Jan 25, 2005 18:47
Ah shit. So the old lady calls me sobbing, begging me to come back. During that nights she told me she had a few abortions though she always wanted lots of babies. As I stormed off I said, "why don't you go have another abortion you fuckin' killer". So I went back and she was crying and I had to tell her that I didn't mean it when I said she should have let me break up with her the week before at Chapultapec.
I guess I laced into her pretty good but she just can't let things go. Sometimes people need space and she always wants to talk things out. When you're like that your always going to be hurting due to the natural backlash people have against such clingy personalities. She did think I was a pedophile afterall. That and she accused me of cheating twice. Dah. Of course none of it's true.
We ended up having a nice weekend. We went to Celebration Station after a dinner at one of the Pappas restaurants. As The American Dagoe Frog so astutely pointed out, she invited someone she accused of being a pedophile to a place with a bunch of kids runnin' around. Then Sunday we watched the AFC and NFC Championship games, made hot wings (which were great), we fixed the shower head, and saw Sideways (which was great). I banged her something furious a couple of times as well.

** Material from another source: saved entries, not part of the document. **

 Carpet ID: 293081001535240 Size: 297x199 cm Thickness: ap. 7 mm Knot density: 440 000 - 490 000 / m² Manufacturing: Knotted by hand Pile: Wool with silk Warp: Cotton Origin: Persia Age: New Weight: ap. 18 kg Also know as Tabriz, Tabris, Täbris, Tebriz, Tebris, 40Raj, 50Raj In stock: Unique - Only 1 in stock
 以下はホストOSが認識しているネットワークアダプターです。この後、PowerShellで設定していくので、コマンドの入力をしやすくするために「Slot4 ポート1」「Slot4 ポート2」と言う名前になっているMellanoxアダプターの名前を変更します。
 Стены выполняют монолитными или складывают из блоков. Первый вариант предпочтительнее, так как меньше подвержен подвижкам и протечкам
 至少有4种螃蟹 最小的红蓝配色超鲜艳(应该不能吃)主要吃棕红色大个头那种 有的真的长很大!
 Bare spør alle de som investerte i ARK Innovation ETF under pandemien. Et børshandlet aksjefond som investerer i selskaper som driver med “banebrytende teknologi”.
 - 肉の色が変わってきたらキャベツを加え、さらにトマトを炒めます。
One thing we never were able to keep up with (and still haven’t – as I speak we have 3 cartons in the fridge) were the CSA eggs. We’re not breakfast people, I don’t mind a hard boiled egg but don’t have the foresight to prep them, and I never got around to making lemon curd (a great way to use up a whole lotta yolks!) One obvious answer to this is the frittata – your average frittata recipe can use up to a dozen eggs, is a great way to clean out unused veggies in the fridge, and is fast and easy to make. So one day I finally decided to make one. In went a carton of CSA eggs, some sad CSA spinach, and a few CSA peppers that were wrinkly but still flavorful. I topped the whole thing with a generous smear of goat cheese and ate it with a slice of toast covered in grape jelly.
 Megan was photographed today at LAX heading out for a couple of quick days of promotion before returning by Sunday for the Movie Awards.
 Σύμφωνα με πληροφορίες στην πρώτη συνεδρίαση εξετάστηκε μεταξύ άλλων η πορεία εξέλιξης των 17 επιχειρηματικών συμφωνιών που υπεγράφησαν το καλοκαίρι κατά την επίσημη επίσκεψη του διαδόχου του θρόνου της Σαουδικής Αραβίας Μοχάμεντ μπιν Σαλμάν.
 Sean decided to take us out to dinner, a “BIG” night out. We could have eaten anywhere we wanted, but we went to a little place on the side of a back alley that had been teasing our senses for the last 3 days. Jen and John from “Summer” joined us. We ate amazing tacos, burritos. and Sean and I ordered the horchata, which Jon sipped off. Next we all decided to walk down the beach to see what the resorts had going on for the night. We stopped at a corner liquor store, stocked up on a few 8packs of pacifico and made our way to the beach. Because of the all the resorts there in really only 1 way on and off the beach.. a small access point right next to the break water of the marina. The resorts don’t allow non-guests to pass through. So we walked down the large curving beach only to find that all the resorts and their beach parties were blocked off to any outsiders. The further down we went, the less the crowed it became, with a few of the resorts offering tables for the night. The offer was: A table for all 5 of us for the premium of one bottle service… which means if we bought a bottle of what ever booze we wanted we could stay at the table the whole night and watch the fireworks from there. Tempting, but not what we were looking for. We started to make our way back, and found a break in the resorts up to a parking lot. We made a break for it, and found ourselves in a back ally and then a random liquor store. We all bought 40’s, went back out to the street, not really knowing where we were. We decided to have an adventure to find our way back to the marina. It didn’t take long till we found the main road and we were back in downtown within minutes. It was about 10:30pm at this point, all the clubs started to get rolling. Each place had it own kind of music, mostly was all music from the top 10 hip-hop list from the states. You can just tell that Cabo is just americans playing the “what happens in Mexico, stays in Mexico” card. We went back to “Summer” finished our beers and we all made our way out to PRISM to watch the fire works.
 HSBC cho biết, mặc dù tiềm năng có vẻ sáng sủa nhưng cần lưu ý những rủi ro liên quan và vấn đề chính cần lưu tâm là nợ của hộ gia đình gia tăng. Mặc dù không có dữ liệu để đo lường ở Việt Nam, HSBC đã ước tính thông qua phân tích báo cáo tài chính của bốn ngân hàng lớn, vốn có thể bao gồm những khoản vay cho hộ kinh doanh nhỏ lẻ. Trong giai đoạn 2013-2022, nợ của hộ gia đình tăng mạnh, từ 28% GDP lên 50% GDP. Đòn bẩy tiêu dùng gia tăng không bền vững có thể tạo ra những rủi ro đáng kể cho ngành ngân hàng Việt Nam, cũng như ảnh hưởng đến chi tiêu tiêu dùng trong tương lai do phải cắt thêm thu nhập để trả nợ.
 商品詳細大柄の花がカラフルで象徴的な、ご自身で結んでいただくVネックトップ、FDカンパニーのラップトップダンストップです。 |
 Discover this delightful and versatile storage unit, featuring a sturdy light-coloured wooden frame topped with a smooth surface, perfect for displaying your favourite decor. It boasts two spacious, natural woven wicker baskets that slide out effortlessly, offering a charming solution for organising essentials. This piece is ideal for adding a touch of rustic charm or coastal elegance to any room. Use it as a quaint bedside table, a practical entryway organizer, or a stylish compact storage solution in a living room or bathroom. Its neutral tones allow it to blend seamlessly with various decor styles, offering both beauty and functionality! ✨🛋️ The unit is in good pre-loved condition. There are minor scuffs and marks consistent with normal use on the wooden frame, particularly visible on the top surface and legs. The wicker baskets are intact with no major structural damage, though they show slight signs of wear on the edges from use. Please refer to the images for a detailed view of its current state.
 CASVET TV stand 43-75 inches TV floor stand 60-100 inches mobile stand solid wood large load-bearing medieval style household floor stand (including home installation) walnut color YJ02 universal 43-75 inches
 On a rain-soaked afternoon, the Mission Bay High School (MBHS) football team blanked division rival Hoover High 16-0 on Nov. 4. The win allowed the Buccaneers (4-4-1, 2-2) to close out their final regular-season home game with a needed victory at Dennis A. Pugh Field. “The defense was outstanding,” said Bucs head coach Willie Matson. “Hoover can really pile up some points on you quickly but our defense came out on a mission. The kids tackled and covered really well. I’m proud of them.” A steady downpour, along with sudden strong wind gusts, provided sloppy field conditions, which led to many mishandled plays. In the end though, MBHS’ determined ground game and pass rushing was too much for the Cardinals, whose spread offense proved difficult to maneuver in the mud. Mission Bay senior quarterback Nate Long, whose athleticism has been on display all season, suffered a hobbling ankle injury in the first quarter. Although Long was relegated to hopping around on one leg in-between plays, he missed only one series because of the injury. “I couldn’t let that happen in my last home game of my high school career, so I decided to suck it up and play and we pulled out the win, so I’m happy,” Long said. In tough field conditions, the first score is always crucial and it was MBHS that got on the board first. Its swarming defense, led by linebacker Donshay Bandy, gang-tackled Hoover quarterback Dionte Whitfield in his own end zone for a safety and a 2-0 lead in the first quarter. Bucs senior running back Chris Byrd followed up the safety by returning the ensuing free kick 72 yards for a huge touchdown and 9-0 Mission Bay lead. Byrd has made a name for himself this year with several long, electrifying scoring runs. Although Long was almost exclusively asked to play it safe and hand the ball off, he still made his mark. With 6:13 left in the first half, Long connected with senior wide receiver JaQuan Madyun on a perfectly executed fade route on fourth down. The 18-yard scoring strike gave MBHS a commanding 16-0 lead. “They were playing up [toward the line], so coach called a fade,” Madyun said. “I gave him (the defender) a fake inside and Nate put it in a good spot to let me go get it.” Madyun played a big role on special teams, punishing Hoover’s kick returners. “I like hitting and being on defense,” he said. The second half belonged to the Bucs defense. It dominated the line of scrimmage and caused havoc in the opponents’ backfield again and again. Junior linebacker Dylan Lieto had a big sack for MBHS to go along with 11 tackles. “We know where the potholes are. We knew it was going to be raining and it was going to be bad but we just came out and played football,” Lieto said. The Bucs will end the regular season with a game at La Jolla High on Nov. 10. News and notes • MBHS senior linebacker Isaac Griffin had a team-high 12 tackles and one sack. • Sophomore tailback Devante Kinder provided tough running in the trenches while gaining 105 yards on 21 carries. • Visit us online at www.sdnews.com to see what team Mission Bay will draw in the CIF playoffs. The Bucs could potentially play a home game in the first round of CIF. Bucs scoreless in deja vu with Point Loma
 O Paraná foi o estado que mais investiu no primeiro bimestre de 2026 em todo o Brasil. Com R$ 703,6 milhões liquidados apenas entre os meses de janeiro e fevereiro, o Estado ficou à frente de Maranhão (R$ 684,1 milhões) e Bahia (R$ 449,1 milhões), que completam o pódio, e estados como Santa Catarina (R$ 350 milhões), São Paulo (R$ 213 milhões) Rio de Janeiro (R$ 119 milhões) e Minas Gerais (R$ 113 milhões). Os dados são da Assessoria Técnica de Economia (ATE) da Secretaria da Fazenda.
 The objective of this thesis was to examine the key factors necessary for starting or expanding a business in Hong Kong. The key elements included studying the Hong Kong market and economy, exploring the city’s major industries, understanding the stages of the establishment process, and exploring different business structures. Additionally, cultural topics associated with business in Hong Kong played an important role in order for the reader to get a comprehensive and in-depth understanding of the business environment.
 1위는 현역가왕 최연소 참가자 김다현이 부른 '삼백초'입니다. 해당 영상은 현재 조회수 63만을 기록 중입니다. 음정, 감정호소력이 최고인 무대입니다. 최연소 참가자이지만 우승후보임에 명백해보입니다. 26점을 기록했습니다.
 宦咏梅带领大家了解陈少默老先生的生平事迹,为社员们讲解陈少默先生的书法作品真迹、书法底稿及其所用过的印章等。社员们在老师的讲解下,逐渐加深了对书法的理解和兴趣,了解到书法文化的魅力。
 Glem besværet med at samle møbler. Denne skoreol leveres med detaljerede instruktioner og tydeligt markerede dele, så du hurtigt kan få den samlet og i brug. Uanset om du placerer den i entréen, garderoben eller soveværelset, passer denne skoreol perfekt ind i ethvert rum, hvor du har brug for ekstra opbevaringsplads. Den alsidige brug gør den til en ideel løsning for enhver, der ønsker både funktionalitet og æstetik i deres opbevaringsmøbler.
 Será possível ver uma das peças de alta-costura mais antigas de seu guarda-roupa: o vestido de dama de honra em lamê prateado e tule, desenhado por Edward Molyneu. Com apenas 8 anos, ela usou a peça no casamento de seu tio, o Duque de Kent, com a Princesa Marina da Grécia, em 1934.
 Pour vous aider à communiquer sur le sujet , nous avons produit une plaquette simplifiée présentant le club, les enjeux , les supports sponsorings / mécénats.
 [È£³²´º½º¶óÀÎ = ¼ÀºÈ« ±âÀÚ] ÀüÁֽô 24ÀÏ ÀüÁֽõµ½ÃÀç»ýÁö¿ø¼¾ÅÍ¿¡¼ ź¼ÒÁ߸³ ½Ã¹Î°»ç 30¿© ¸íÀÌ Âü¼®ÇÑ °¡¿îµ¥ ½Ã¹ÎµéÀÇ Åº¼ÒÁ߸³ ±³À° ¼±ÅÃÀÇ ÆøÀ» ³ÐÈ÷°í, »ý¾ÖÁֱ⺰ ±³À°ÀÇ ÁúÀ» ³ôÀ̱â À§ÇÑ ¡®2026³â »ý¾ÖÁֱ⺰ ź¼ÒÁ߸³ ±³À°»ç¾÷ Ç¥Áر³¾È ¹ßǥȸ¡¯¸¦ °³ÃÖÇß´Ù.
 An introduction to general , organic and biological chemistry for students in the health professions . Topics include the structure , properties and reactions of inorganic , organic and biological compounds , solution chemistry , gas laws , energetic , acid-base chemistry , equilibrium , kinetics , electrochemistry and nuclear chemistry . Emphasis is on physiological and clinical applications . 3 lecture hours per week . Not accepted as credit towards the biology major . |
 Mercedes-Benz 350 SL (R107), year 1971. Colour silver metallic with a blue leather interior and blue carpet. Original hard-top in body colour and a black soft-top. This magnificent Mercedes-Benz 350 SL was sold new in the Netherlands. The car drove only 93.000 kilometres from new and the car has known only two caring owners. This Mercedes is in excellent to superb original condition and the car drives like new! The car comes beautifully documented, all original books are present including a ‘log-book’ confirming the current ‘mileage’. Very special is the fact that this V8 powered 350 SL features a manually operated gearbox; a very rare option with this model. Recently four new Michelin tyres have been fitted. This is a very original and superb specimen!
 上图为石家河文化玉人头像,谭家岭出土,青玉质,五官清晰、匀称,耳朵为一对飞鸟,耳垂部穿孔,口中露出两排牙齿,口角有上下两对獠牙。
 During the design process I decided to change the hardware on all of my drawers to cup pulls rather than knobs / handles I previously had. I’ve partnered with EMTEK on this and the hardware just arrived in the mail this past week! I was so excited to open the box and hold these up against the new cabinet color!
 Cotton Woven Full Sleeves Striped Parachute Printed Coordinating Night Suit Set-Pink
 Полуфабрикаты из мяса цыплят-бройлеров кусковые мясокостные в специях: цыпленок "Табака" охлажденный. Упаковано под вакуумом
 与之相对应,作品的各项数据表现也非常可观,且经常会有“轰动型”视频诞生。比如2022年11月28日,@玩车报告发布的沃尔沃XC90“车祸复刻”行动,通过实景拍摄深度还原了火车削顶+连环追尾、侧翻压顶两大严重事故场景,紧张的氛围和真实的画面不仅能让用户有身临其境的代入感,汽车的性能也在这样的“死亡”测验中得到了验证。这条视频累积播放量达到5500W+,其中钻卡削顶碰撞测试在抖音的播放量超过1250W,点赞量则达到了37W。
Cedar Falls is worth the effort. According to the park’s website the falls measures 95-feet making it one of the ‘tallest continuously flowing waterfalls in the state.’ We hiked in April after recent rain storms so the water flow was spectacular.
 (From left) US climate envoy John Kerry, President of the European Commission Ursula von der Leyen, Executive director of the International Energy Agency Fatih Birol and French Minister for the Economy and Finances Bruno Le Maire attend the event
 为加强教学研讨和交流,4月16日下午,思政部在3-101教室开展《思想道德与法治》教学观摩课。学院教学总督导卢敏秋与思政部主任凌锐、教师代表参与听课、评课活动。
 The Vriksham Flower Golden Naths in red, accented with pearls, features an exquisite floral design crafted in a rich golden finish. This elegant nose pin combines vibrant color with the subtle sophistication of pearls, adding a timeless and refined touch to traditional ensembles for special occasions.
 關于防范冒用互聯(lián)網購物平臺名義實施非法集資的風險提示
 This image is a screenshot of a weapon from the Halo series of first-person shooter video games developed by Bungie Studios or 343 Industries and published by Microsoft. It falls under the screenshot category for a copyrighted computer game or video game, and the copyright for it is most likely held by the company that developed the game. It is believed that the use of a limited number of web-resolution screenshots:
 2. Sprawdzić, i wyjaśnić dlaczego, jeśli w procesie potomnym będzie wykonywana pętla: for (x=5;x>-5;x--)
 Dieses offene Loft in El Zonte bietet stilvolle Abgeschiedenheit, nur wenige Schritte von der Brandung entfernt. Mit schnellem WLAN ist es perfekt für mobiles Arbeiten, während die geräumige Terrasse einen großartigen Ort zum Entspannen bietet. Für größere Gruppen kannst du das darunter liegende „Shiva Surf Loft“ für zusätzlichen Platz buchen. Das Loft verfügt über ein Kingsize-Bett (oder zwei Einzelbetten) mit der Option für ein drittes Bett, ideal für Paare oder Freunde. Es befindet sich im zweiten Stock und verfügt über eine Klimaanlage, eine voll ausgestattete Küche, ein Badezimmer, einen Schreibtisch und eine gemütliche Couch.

I went to a meditation class with her last night. Little Chinese guys dressed up like Shaolin monks. Some people are really buying into this Zen Buddhism thing. I pretended I was an extra in a Wu-tang movie the whole time. I pretended to speak in a Chinese accent in my head, 'one must controll one's mind before once can crush one's enemies'. 'I harness the powers of nature and squat on my advasaries with my shitting monkey style'.
After the class I said goodbye to the old lady. She said she wanted to talk so I called her when I got home. She said when her daughter had a pillow fight with me she was, "trying to get my attention". I'm not sure, but she may be jealous of her daughter. Un-fucking believable. Are there any regular girls out there? No. No, I didn't think so. It's sad really that I'm either alone or get caught up with some old chick. It's awkward, but these moments are a heaven send for this hell on earth.
Behemoth is in town. It's time to rock.